0.ベネズエラにおける日本人向けの緊急連絡先

◎在ベネズエラ日本国大使館  :+58-(0)212-262-3435

(注:日本の携帯電話からかける場合機種にもよりますが、「0」の長押し、もしくは「*」を二回押すと「+」が入力できます)

◎警察/救急/消防(共通) :911

ディスクレイマー

・本ページは日本・アメリカ・イギリス・オーストラリアの各政府が発表しているトラベルアドバイス類を比較し、情報提供を行うことを目的としています。

・当サイトに記載の情報は、各国政府の発表内容及び当サイトが信頼に足ると判断した各種メディア情報を踏まえて掲載しています。

・本ページに記載された内容は各国における皆様の安全を担保するものではありません。

・当サイトでは、本ページ記載の情報を基に行った皆様の判断によって引き起こされる損害等の責任は負いかねます。

・海外への渡航に際しては、日本政府外務省や所属されている組織/団体、旅行会社等の具体的な助言に従い、ご自身で安全確保に努めていただくようお願いします。

・新型コロナウイルス感染症の関連情報は頻繁に変化しますので最新情報をご自身で確認いただくようお願いします。

本稿執筆監修者 / 海外安全.jp代表 尾崎由博

1981年生。2006年より国際協力機構(JICA)にて勤務。インド、パキスタン、アフガニスタン等南アジアにおける安全対策、開発支援案件の形成、実施を担当。パキスタン駐在中国政選挙や首都における大規模反政府デモ等に対応し、現場での安全管理業務ノウハウを体得。2016年7月に発生したバングラデシュ、ダッカレストラン襲撃事件後に発足した安全管理部の第一期メンバーとしてJICA安全対策制度、仕組みの多くを構築した他、組織内の緊急事態シミュレーション訓練を担当。
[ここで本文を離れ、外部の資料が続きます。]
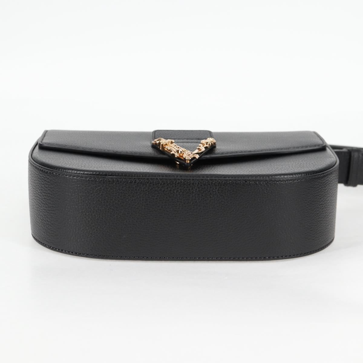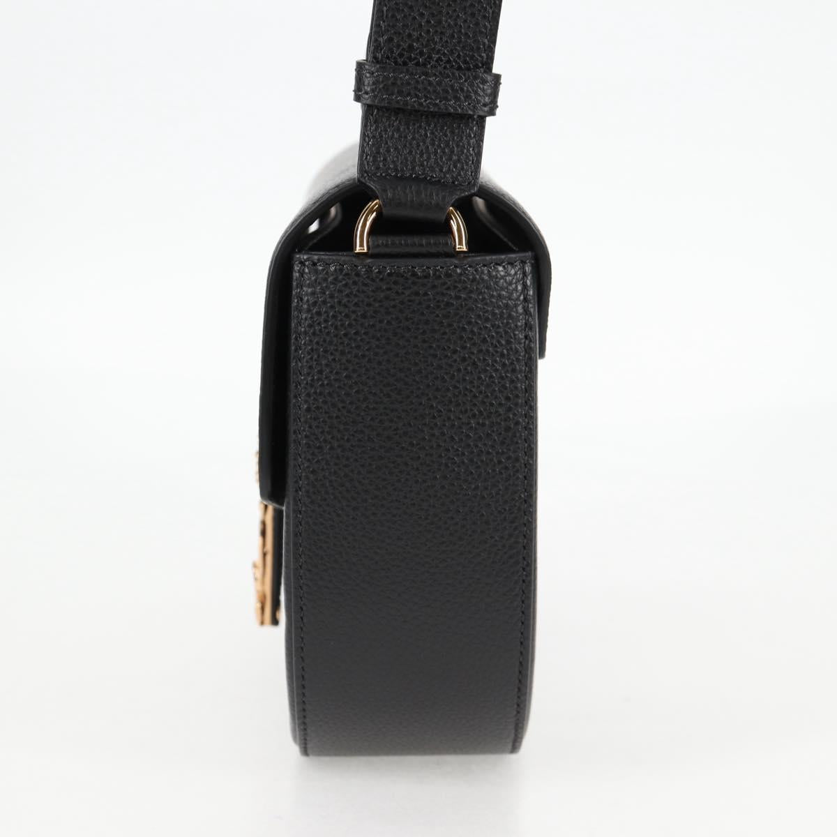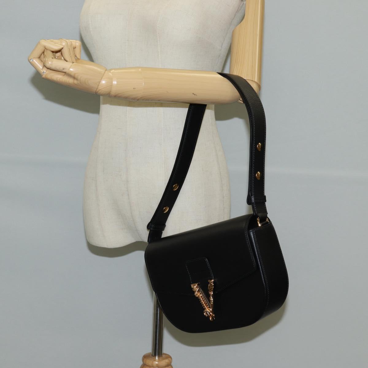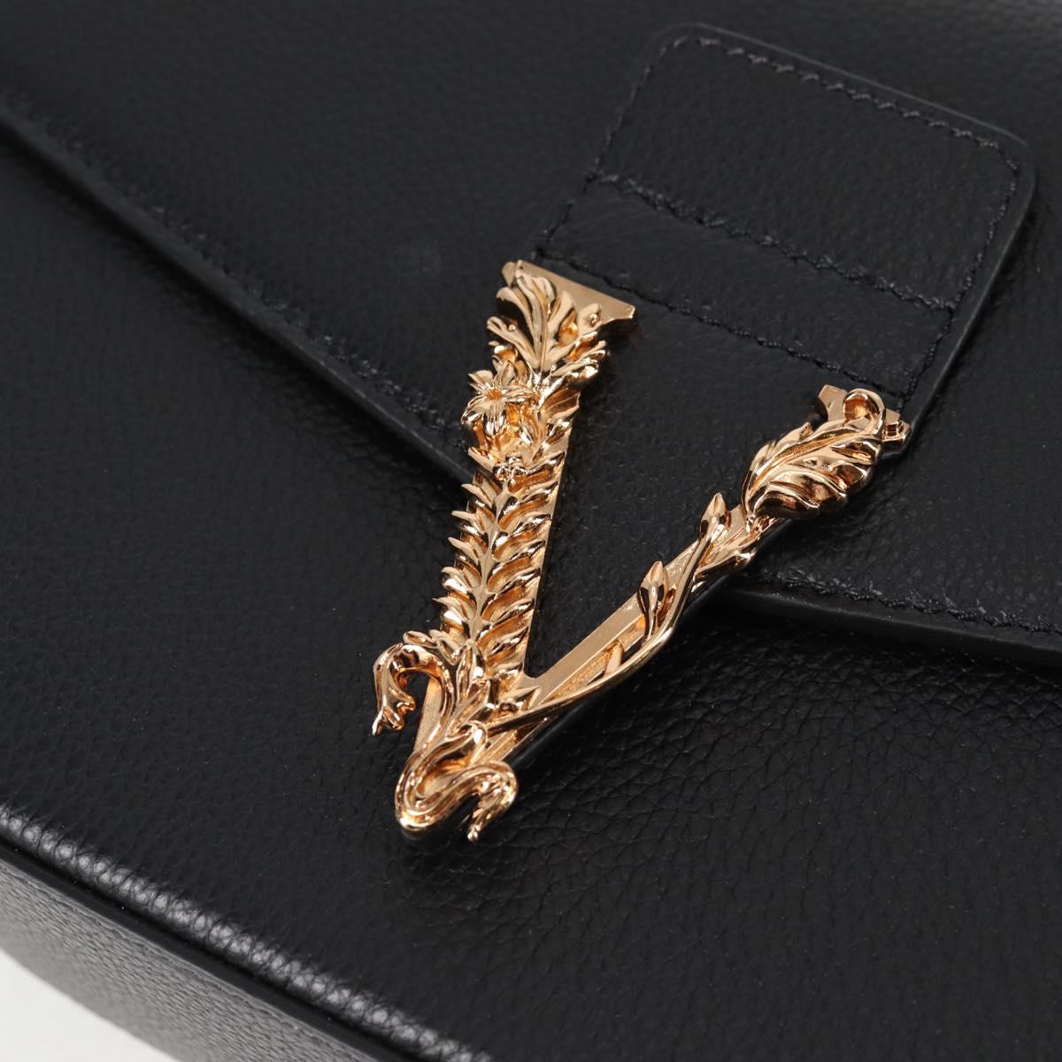 VERSACE Shoulder Bag Leather Black Gold Auth 118685AM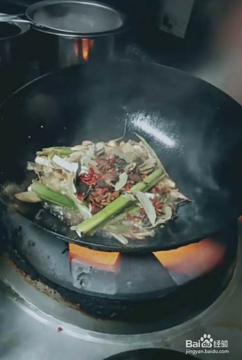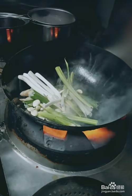 5,再次起锅烧油,倒入葱、姜、蒜翻炒几遍。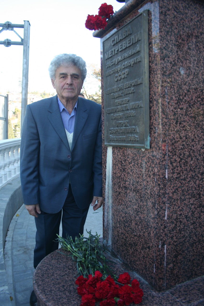 Отдельная тема разговора — отношение руководства Сочи к памяти своего легендарного земляка. Памятник Славе Метревели, выполненный Зурабом Церетели и торжественно открытый несколько лет назад, в настоящее время вырван с подножьем из земли и перенесен под окна ближайшего кафе. Не смотря на многочисленные письменные обращения инициативной группы сочинцев в мэрию города о принятии его на баланс и нормальной установки, результатов не дали. На снимке: Георгий Гвазава — руководитель группы неравнодушных к исторической памяти сочинцев.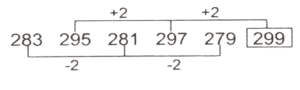 श्रृंखला (भाग-XIV)Total Questions: 501. TABQ, VCET, XEHW, ZGKZ, ? [SSC MTS 15/06/2023 (Afternoon)](a) BJMC(b) BIND(c) BJNC(d) BINCCorrect Answer: (d) BINCSolution:2. 35, 22, 43, 14, 51, ? [SSC MTS 15/06/2023 (Afternoon)](a) 6(b) 18(c) 20(d) 12Correct Answer: (a) 6Solution:3. 283, 295, 281, 297, 279, ? [SSC MTS 16/06/2023 (Evening)](a) 294(b) 298(c) 299(d) 291Correct Answer: (c) 299Solution:4. 14, 9, 4, -1, -6, ? [SSC MTS 16/06/2023 (Evening)](a) - 8(b) - 14(c) - 23(d) - 11Correct Answer: (d) - 11Solution:5. LOG, FLH, ZII, TFJ, NCK, ? [SSC CHSL 09/03/2023 (1st Shift)](a) HYL(b) HZM(c) HZL(d) HALCorrect Answer: (c) HZLSolution:6. ABC, EJN, IRY, ?, QHU [SSC CHSL 09/03/2023 (2nd Shift)](a) MYJ(b) MZJ(c) MZK(d) MZICorrect Answer: (b) MZJSolution:7. 2, 3, 5, 7, 11, ? [SSC CHSL 09/03/2023 (2nd Shift)](a) 19(b) 16(c) 20(d) 13Correct Answer: (d) 13Solution:यहाँ, 2 से शुरू होने वाली अभाज्य संख्याओं की एक श्रृंखला है, इसलिए अगली संख्या 13 होगी।8. TDS, SIJ, RNA, QSR, ? [SSC CHSL 09/03/2023 (3rd Shift)](a) PXI(b) POI(c) PYM(d) PXKCorrect Answer: (a) PXISolution:9. PQRS, VNZR, BKHQ, HHPP, ? [SSC CHSL 09/03/2023 (4th Shift)](a) NQXO(b) NEYO(c) PQRT(d) NEXOCorrect Answer: (d) NEXOSolution:10. 99986, 99996, 100096, 101096, ? [SSC CHSL 10/03/2023 (1st Shift)](a) 1110096(b) 100096(c) 111096(d) 110096Correct Answer: (c) 111096Solution:Submit Quiz12345Next »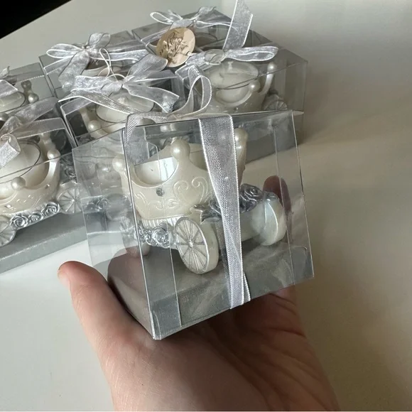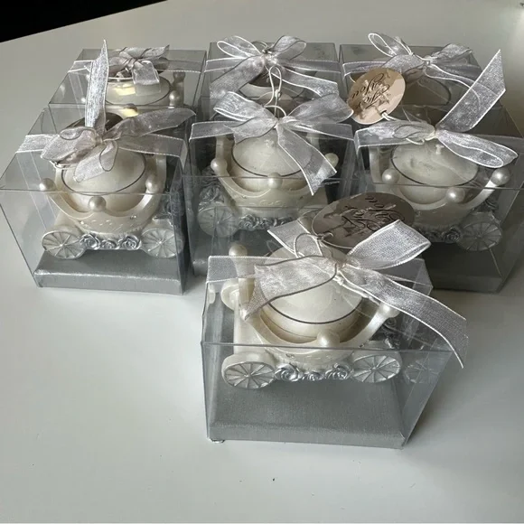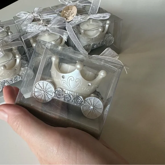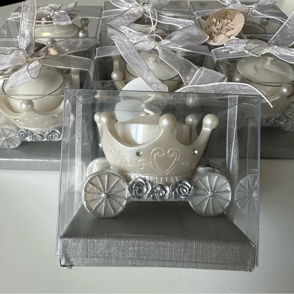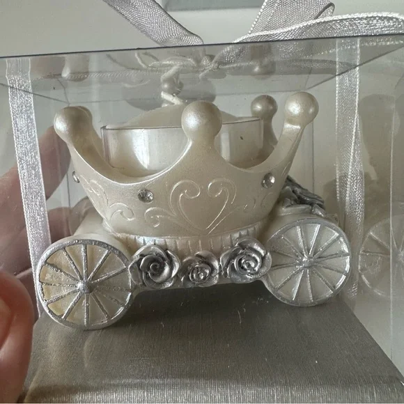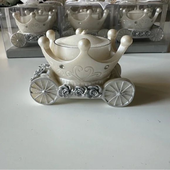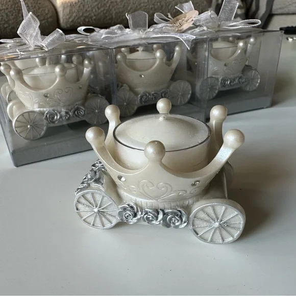 Elegant cream and silver crown carriage candle holder. Perfect for adding a touch of royalty to any decor. Great for weddings or birthday parties. Adorable accent tealight candles. Extremely good quality and heavy pieces still in great packagingParty favor // Party decor // Fairytale wedding // Princess theme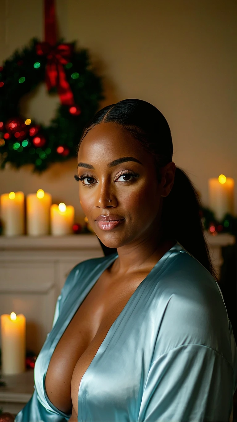 30 years old black woman, centered in the image, is captured in a close-up, slightly low-angle shot. Very beautiful face with real skin imperfection. She is wearing a light-blue, soft-textured robe, which reveals her upper chest. Her body type appears curvaceous. The setting is a dimly lit interior, with a warm, glowing light source enhancing her features. Multiple warm-toned candles are visible in the background, along with a festive Christmas wreath featuring red, green, and white decorations.  The background is out-of-focus, drawing attention to the model and creating a warm, intimate atmosphere. The lighting is focused on the subject, casting soft shadows and highlighting her features.   The overall style leans toward fashion portraiture, with a hint of holiday festivity. The composition is intentionally close-up, emphasizing the model's beauty and alluring characteristics. The image features a soft, neutral background that appears to have a warm tone. There are some details on the left side, suggesting texture or depth, which may indicate hair or clothing. Overall, the image has a calm and intimate atmosphere.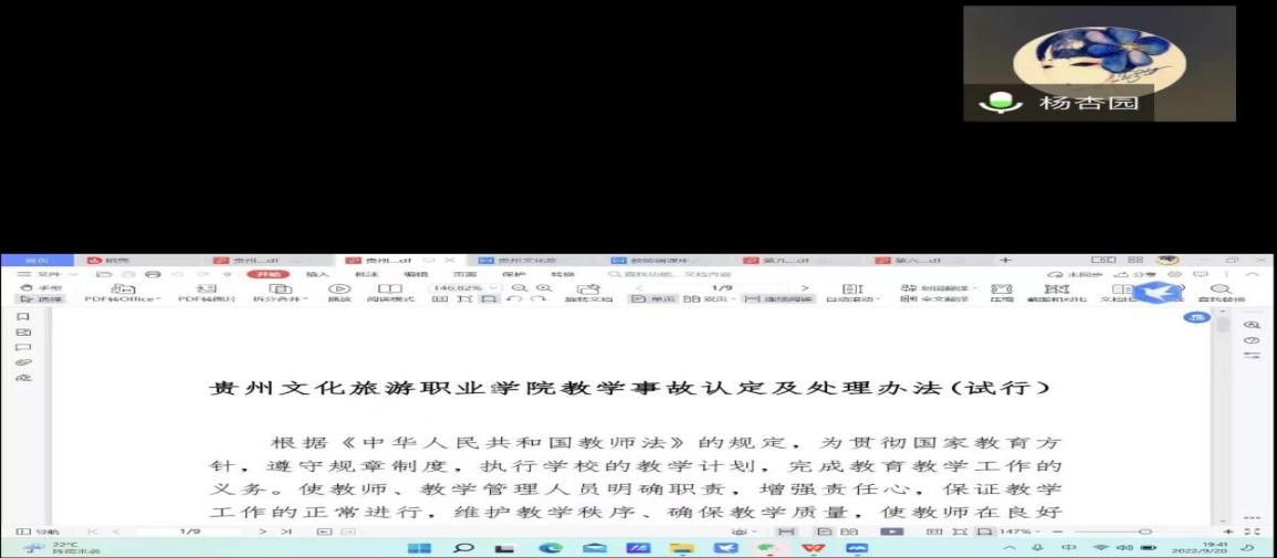 根据贵阳市疫情防控的最新要求,结合我院的实际情况,我院针对不同年级,陆续开展了线上教学活动,目前已开展两周线上教学,整体取得了良好的教学效果。2022年9月20日晚,根据学院教务科工作的安排,部门负责人杨杏园同志组织本部门全体授课教师,通过腾讯会议在线学习了相关文件。系部党政行政工作人员、教务行政工作人员及我部授课教师70余人参与学习。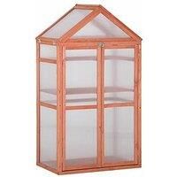 The OutSunny Wooden Cold Frame Greenhouse is ideal for seedlings, cuttings and more. This Outsunny cold frame greenhouse allows you to grow plants and more almost anywhere. The sturdy wood frame is fitted with transparent polycarbonate panels to let the sun to shine through. Inside there are 2 adjustable shelves to create 3 differently-sized areas for organised growth storage. It's finished with 2 doors with latches for easy access. Features: Suitable for most outdoor and indoor spaces with space for u...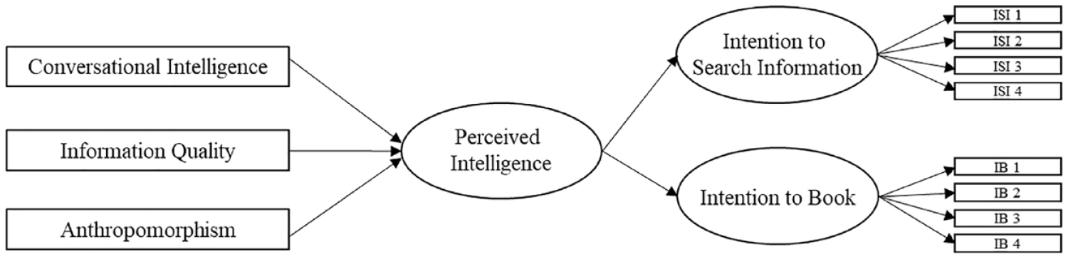 Furthermore, considering the aforementioned three dimensions of perceived intelligence, it can be proposed that conversational intelligence, information quality, and anthropomorphism directly influence travelers’ intention to search for travel information and book travel services using AI assistants.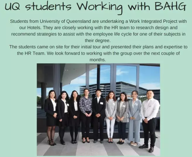 近期,我们的学生刚刚完成了与Brisbane Airports Hotels Group合作的一个项目。他们和该企业的HR团队紧密合作,研究、设计和推荐了针对员工生命周期管理的策略,最后递交的成果受到该集团的高度认可,并被其人力资源部门直接实施。通过一个学期高强度的项目运营,学生们深觉自己如同接受了“岗前培训”一样收获颇丰。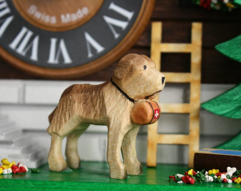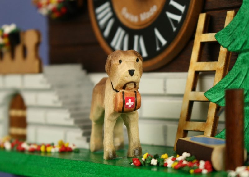 브리엔즈 호수 주변의 산에 살고 있는 스위스 양봉업자들은 초여름이 되면 그 동안 꿀벌들이 알프스 야생화를 이용해 만든 꿀들을 수확합니다. 양봉업은 아주 오래 전부터 알프스에서 행해 오던 중요한 전통산업입니다. 이 생기 넘치는 시계는 성 버나드 품종인 배리가 전형적인 브리엔즈 샬레 앞에 서 있는 장면을 묘사합니다. 이 지역의 양봉업자들이 이용하는 벌꿀통의 디자인을 모방해 손으로 깎아 만든 벌꿀통 두 개와 샬레 곳곳에서 화려한 색을 뽐내는 알프스 야생화가 샬레의 겉면을 장식하고 있습니다.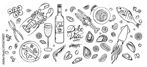 Dolce Vita seafood vector set. Hand-drawn fish, shrimp, squid, oysters, herbs, lemon, and wine. Perfect for Mediterranean menus, cookbooks, and food packaging.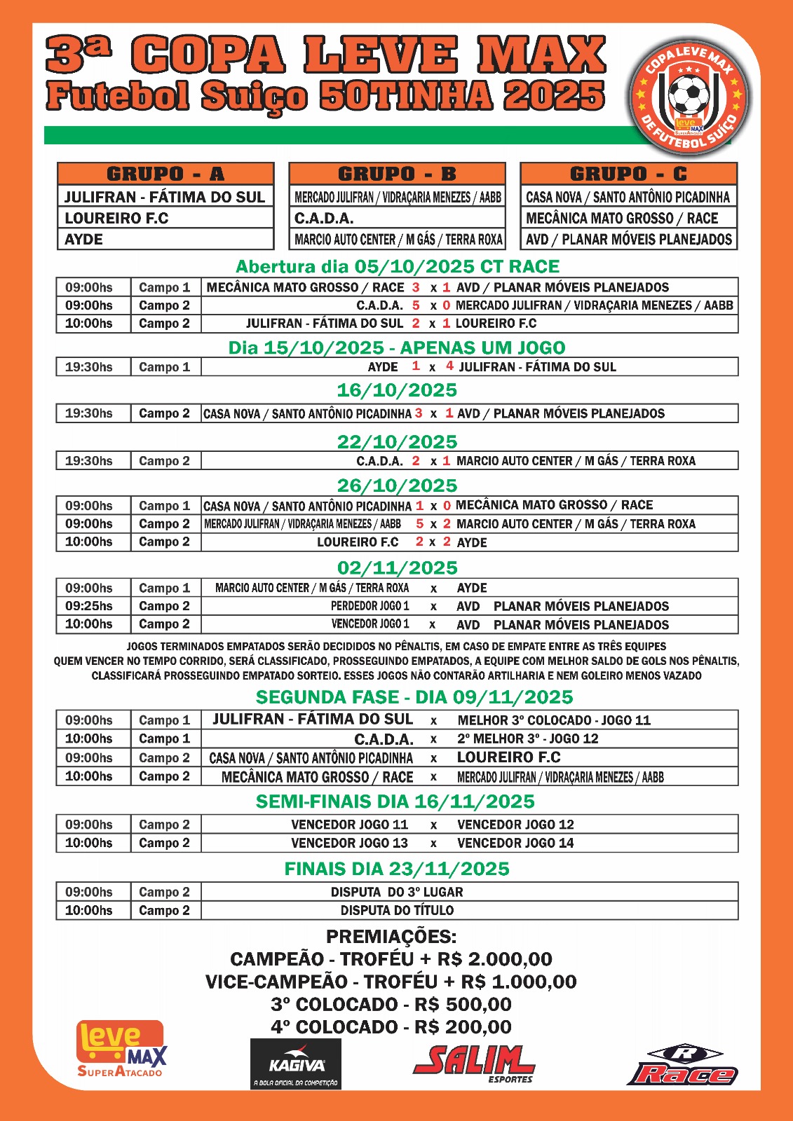 Equipe comandada por José dos Santos Silva, o Zezinho, chega confiante para conquistar vaga nas quartas de final A 3ª Copa Leve Max de Futebol Suíço 50tinha 2025 entra em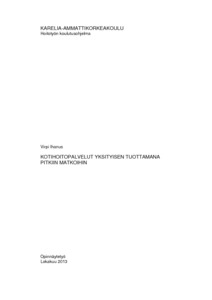 Toiminnallinen opinnäytetyö käsittelee kotiin vietäviä hoitopalveluita maaseudun tarpeisiin yksityisen tuottamana. Opinnäytetyön teoreettinen osuus sisältää selvityksen kotihoidosta ja kotihoidon kehittämisestä sekä toteuttamisesta pitkiin matkoihin. Opinnäytetyön toiminnallisena tuotoksena toteutui liiketoimintasuunnitelma joka sisältää toimivat kotiin vietävät sosiaali- ja terveyspalvelut yksityisen tuottamana syrjäseudun harvaanasutulle alueelle pitkiin matkoihin. Liiketoimintasuunnitelma on tuotettu Ilomantsiin ja sen ympäristöön toteutettavaksi. Liiketoimintasuunnitelma vastaa sosiaali- ja terveys- palveluiden tarpeeseen syrjäseudun asukkaille. Maaseudulla väestön ikääntyvien osuus nousee ja hoitopalveluiden tarve kasvaa.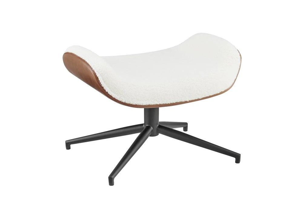 Lena Ottoman in Ivory Fabric and Brown Leatherette with Matte Black Base – Set of 1

国連機関及び世界銀行の危険地赴任者向け訓練等を受講しており、JICAのみならず国際機関の安全対策研修内容も熟知。2018年より独立、2020年株式会社海外安全管理本部を設立し代表取締役就任。クライアント行政機関、大手セキュリティー企業、開発コンサルティング企業、電力関連企業、留学関連企業、各種大学法人、一般社団法人や独立行政法人など講演実績:大阪弁護士会「パキスタン投資・リスクマネジメントセミナー」海外コンサルタンツ協会「海外活動安全強化月間セミナー」日経メッセ「セキュリティショー」「多元化する危機管理」他多数。日本経済新聞2020年11月24日付13面に寄稿記事が掲載。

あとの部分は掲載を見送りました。